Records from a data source
*** Begin section ***
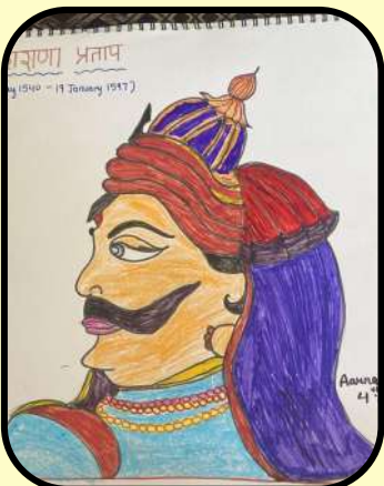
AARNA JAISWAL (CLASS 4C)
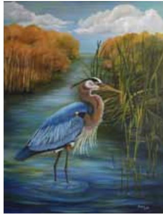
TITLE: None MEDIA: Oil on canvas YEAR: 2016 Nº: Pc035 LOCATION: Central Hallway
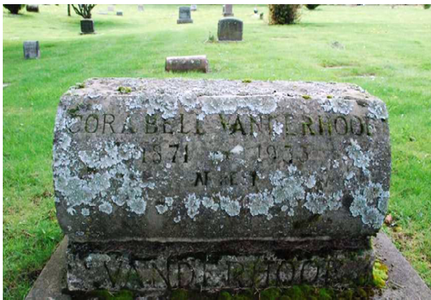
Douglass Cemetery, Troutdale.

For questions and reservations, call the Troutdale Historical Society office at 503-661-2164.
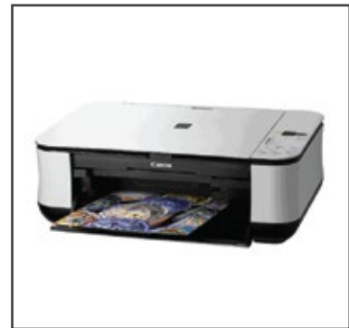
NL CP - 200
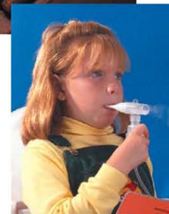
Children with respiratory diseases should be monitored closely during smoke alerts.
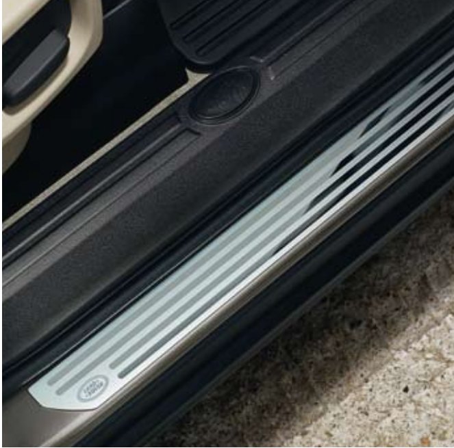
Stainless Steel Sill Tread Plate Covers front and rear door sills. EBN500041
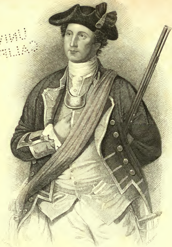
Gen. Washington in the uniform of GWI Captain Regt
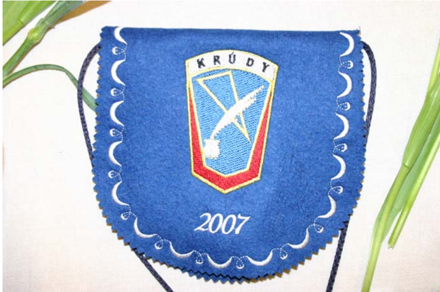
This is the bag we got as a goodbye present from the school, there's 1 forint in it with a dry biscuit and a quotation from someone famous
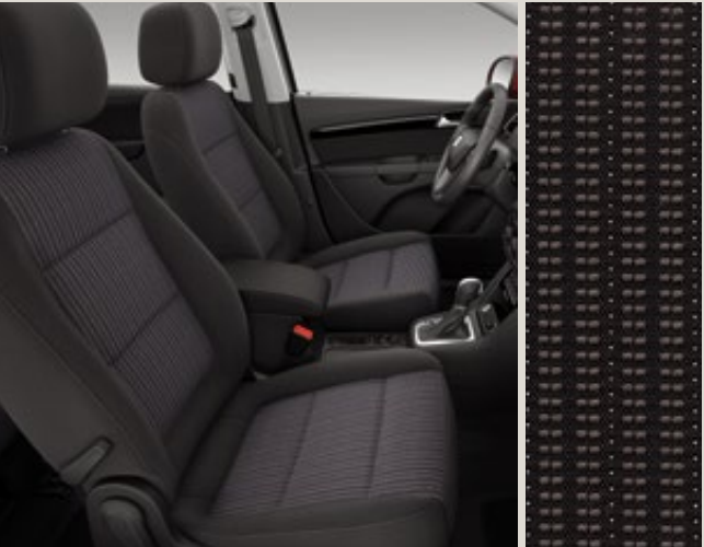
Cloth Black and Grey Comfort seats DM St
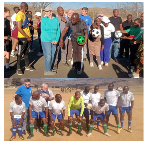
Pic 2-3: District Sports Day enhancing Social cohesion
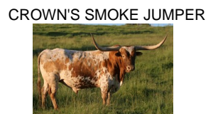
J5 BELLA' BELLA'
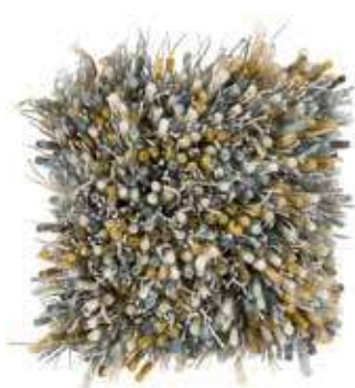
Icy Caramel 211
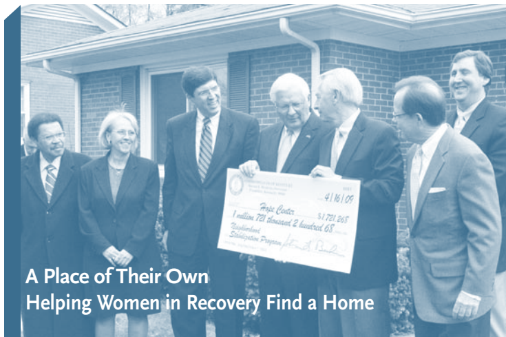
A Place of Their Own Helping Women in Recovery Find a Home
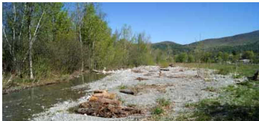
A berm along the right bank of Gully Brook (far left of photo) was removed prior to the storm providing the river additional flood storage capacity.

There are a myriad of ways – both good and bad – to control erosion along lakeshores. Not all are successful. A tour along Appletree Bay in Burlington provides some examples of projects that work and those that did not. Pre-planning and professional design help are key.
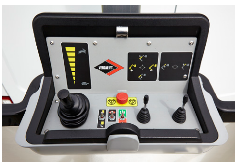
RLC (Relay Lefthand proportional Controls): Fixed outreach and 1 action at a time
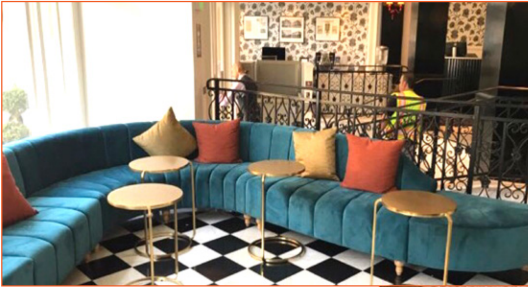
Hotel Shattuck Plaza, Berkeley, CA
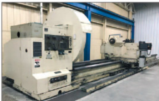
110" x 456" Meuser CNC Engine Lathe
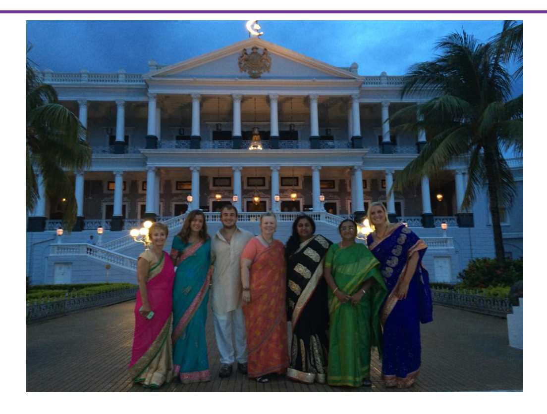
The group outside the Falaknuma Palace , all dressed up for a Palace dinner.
*** End section ***
- BRIEF -
Please write out all the data again word for word, but not the pictures.

- SOLUTION TO THIS EXERCISE -
AARNA JAISWAL (CLASS 4C)
TITLE: None MEDIA: Oil on canvas YEAR: 2016 Nº: Pc035 LOCATION: Central Hallway
Douglass Cemetery, Troutdale.

For questions and reservations, call the Troutdale Historical Society office at 503-661-2164.
NL CP - 200
Children with respiratory diseases should be monitored closely during smoke alerts.
Stainless Steel Sill Tread Plate Covers front and rear door sills. EBN500041
Gen. Washington in the uniform of GWI Captain Regt
This is the bag we got as a goodbye present from the school, there's 1 forint in it with a dry biscuit and a quotation from someone famous
Cloth Black and Grey Comfort seats DM St
Pic 2-3: District Sports Day enhancing Social cohesion
J5 BELLA' BELLA'
Icy Caramel 211
A Place of Their Own Helping Women in Recovery Find a Home
A berm along the right bank of Gully Brook (far left of photo) was removed prior to the storm providing the river additional flood storage capacity.

There are a myriad of ways – both good and bad – to control erosion along lakeshores. Not all are successful. A tour along Appletree Bay in Burlington provides some examples of projects that work and those that did not. Pre-planning and professional design help are key.
RLC (Relay Lefthand proportional Controls): Fixed outreach and 1 action at a time
Hotel Shattuck Plaza, Berkeley, CA
110" x 456" Meuser CNC Engine Lathe
The group outside the Falaknuma Palace , all dressed up for a Palace dinner.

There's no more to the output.